■ Stored records:
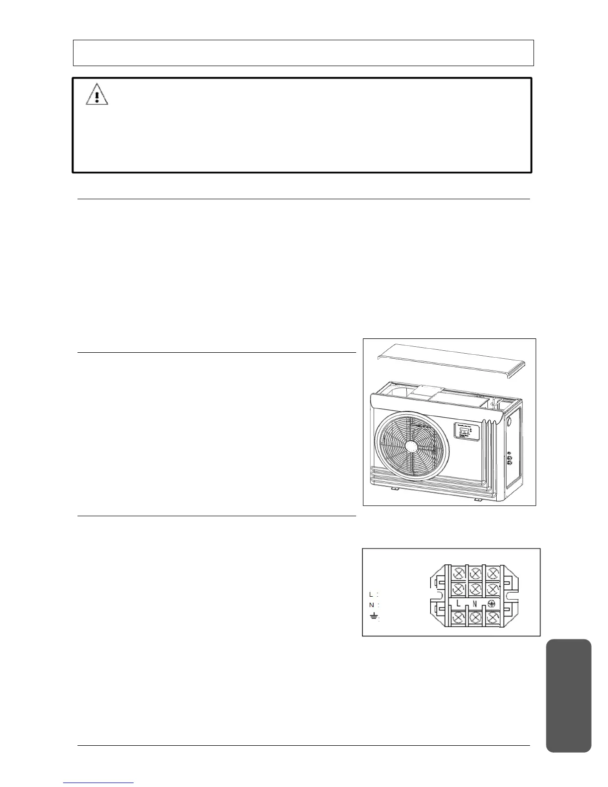 La pompa di calore deve includere strumenti di messa a terra e fissaggio. All’interno dello scomparto elettrico della
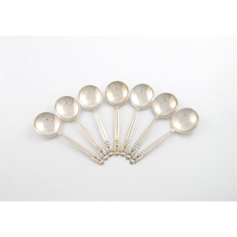 By Georg Jensen, a set of seven Danish silver Acorn pattern soup spoons,
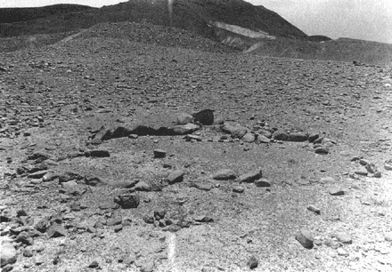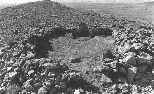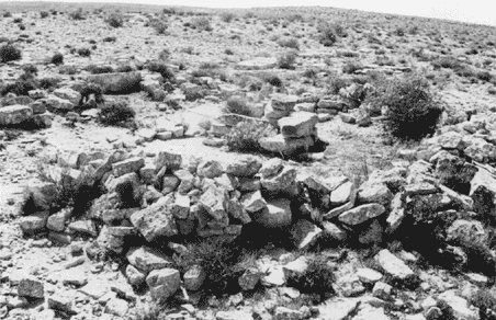 To the west of the village on the top of the hill, overlooking the valley and the houses of the village, was the threshing floor, and to the south of it a small open mosque with a rectangular mihrab made of 3 blocks of stones [bottom figure]. The mosque was built to a height of probably two layers of stones, no more than 0.5 m., and was almost square, about 3 x 3 m. and could contain no more than 8-10 men at a time.[11]
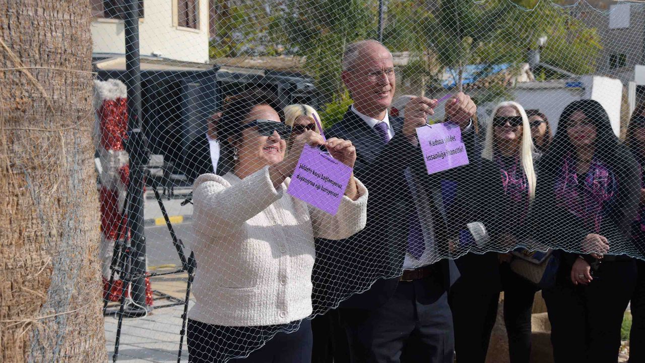 Hasipoğlu, “Ama bugün kadınların bu el emekleri başka bir anlam için örüldü… Kadına uzanan ellerin bu ağa takılması için bugün bu ağ buraya serildi” diyerek, bu farkındalık etkinliğinin önemine işaret etti.
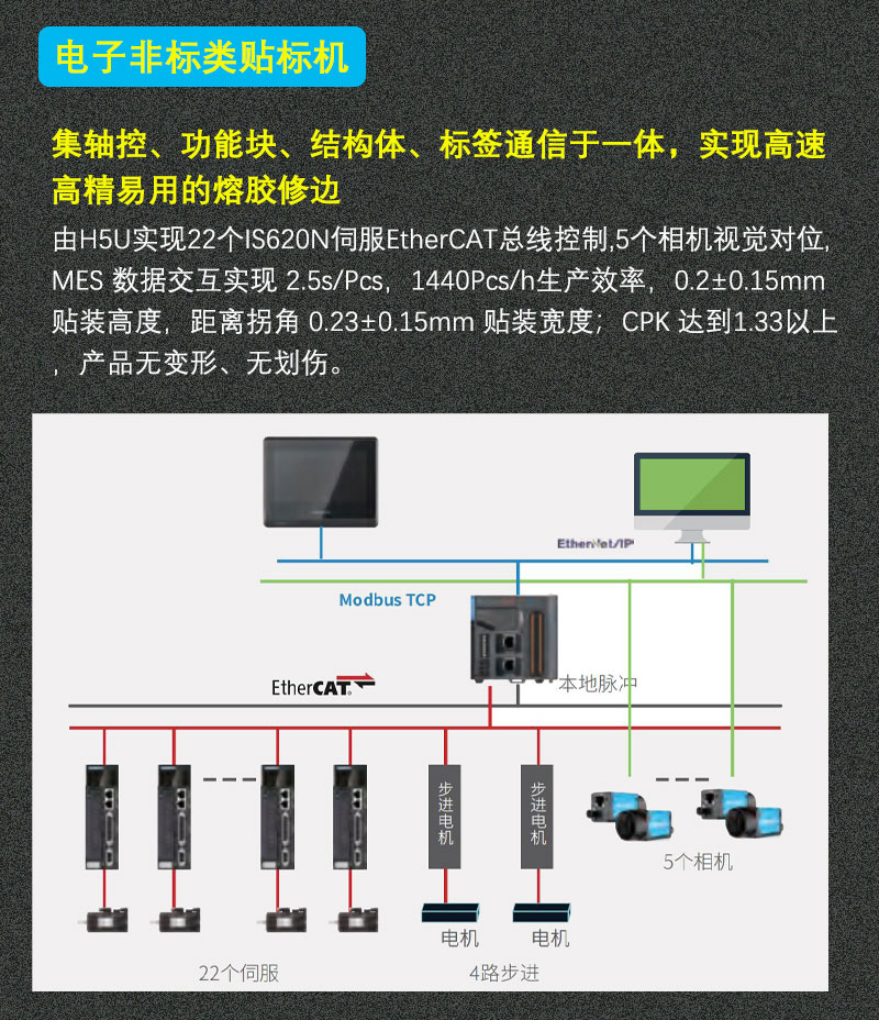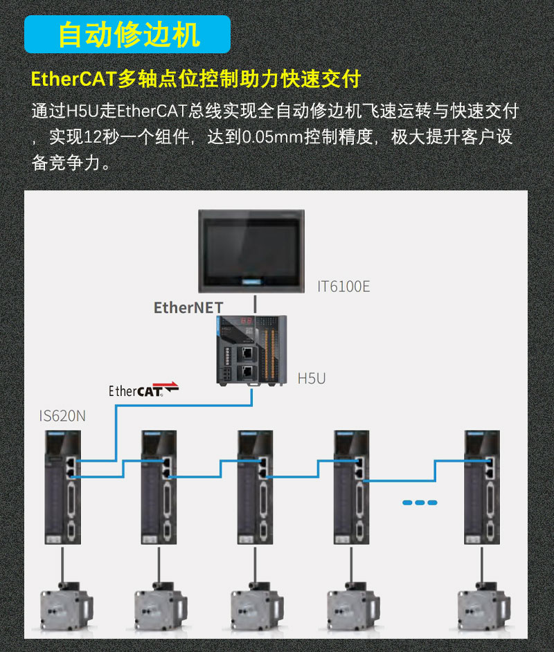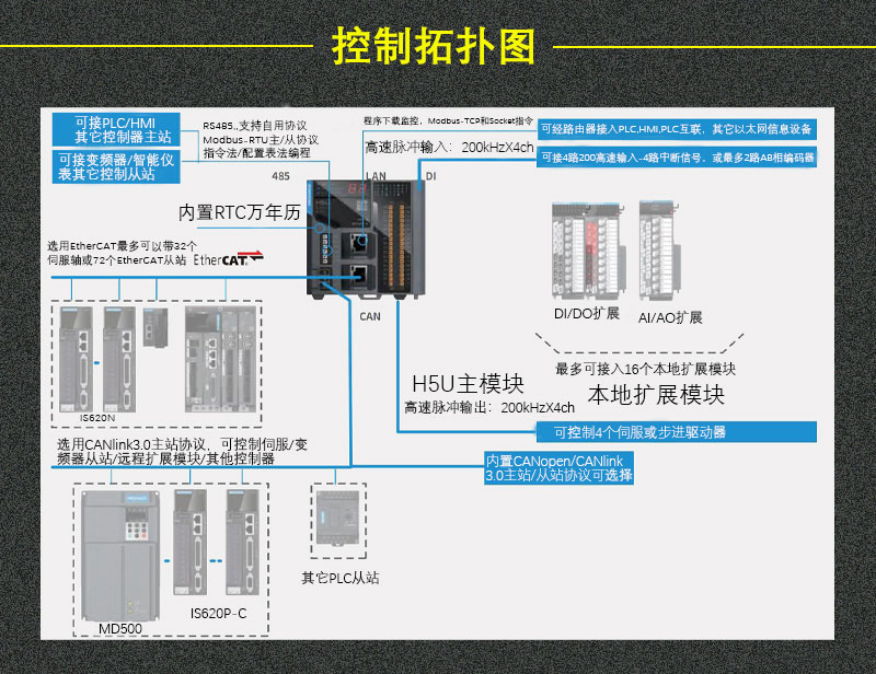 ● H5U系列EtherCAT總線高性能小型PLC,特別適合于多軸點位控制,與視覺、機器人、掃碼槍、MES等有信息交互的場合。

■ YOUR GOAL:
Beginning with the first line of the records, write out every line up to and including the one with "By Georg Jensen, a", exactly, and omit all pictures.

■ RESPONSE:
 La pompa di calore deve includere strumenti di messa a terra e fissaggio. All’interno dello scomparto elettrico della
 By Georg Jensen, a set of seven Danish silver Acorn pattern soup spoons,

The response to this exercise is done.